Legacy Product

Fusion 5.10
    Fusion 5.10

    NLP Annotator Index Stage

    Table of Contents

    The NLP Annotator index stage performs Natural Language Processing tasks.

    This stage is deprecated as of Fusion 5.2.0. in favor of SpaCy and Seldon Core functionality. It is best practice to use the Machine Learning Index Stage instead.

    You can choose from different NLP libraries, either OpenNLP or the JohnSnow Lab library, which runs on Spark.

    Only the pre-trained NER model is supported. If choosing an NER model, download NerDLModel instead of NerCRFModel.

    The NLP Annotator supports the following tasks:

    • If choosing JohnSnow Lab (recommended for large dataset processing):

      • NER (Name Entity Recognition)

        Fusion uses the deep learning pre-trained NER model that JohnSnowLab provides. Currently, the pre-trained extraction model covers the following name entities:

        • ORG (organization)

        • PER (person)

        • LOC (location)

        This means that there are the only three types of entities Fusion will recognize from the source field.
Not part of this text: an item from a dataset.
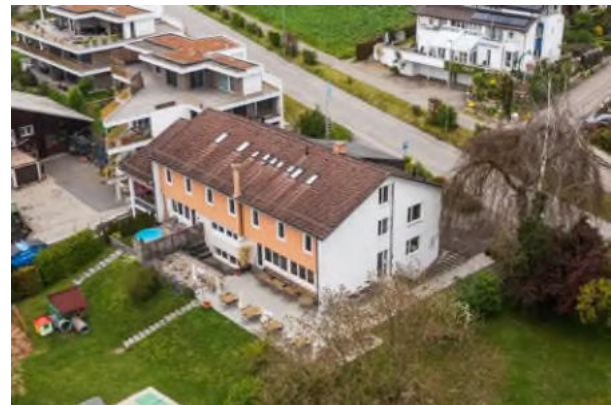
Stein am Rhein

      • Sentence detection

      • POS(Part of Speech) Tagging

    • If choosing OpenNLP:

      • NER

      • Sentence detection

      • POS Tagging

      • Shallow Parsing (Chunking)

    Example of how to use NLP Annotator Index stage:
    1. Add NLP Annotator index stage.

      add nlp stage

    2. Choose the annotator type (OpenNLP or SparkNLP).

      which model

      If you select the sparknlp model, you need to download and install one or more models: .. Download the models at https://github.com/JohnSnowLabs/spark-nlp#models. .. Rename the downloaded models to something easy to identify, then upload them to Fusion’s blob store.

      + add_blob

    3. Configure the index pipeline stage:

      1. Specify the model to use (fill the box with model id in the blob store).

        model_id_blob

        fill_index_stage

      2. Specify the source, label pattern, and target (destination) fields:

        • source field: the raw text with name entities to be extracted.
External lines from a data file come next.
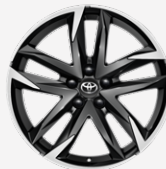
GR-S 19" sort poleret alufælg (5-dobbelt-eget)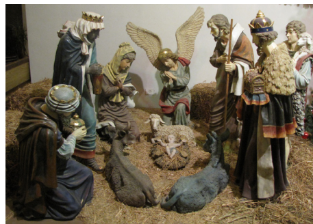
The Christmas Crib in Peace Center, close to the Nativity Church in Bethlehem

A very Merry Christmas and a hope-filled New Year to you all! I love you!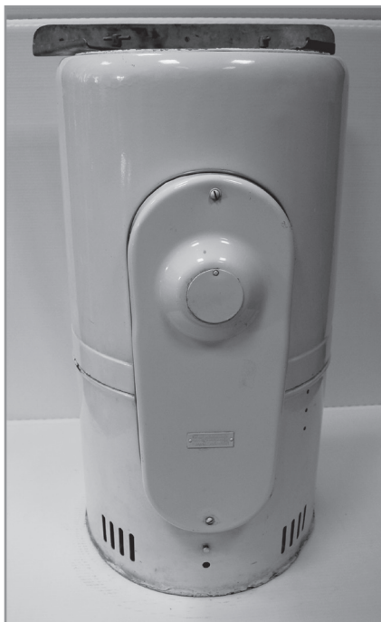
1. Obudowa pralki wirnikowej typ D („Danusia”), Kieleckie Zakłady Wyrobów Metalowych SHL; 2 poł. lat 50. XX w., nr inw. MHKi/H/1937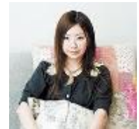
アートディレクター：吉田ユニ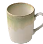
Becher 0.25 l / Mug 0.25 l Art-Nr: 8 01 5625 4 Durchmesser / diameter: 75 mm / 2.95" Inhalt / volume: 0,25 l / 8.45 fl. oz. VPE: 6

Abgabe nur in Verpackungseinheit (VPE) Delivery only by packaging unit (PU)

        • label pattern: regex pattern that matches the NER/POS labels: for example, PER. will match extracted name entities with label PERSON, while NN. will match tagged nouns.
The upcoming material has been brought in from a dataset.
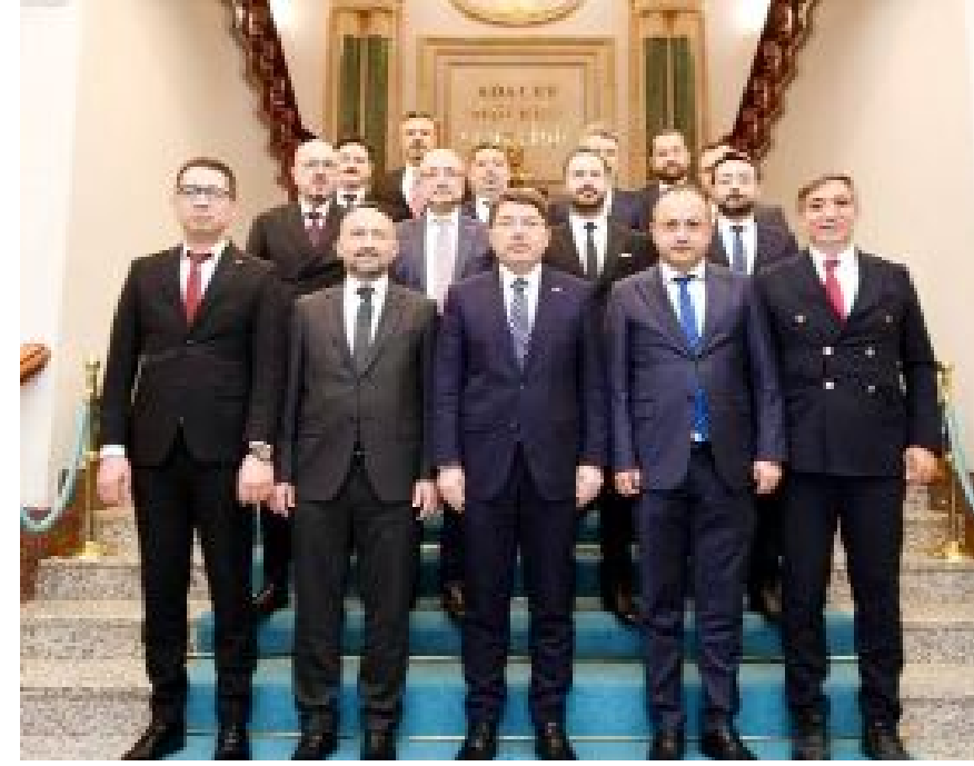
Kalıpcı ve Baro Başkanları Adalet Bakanı Tunç ile de görüştü.

        • target field: the outcome extraction/tagging and so on.

        source_target

        result

    Configuration

    When entering configuration values in the UI, use unescaped characters, such as \t for the tab character. When entering configuration values in the API, use escaped characters, such as \\t for the tab character.

    Annotate text using NLP.

    skip - boolean

    Set to true to skip this stage.

    Default: false

    label - string

    A unique label for this stage.

    <= 255 characters

    condition - string

    Define a conditional script that must result in true or false. This can be used to determine if the stage should process or not.

    modelId - stringrequired

    Model ID

    failOnError - boolean

    Flag to indicate if this stage should throw an exception if an error occurs while generating a prediction for a document.

    Default: false

    source - array[string]required

    Input fields to annotate

    extractorRules - array[object]

    Define rules to extract annotated text into separate fields

    object attributes:{sourceFieldName required : {
     display name: Source Field Name
     type: string
    }
    extractedAnnotationType required : {
     display name: Annotation Type to Extract
     type: string
    }
    labelPattern required : {
     display name: Label Pattern
     type: string
    }
    targetFieldName required : {
     display name: Target Field Name
     type: string
    }
    }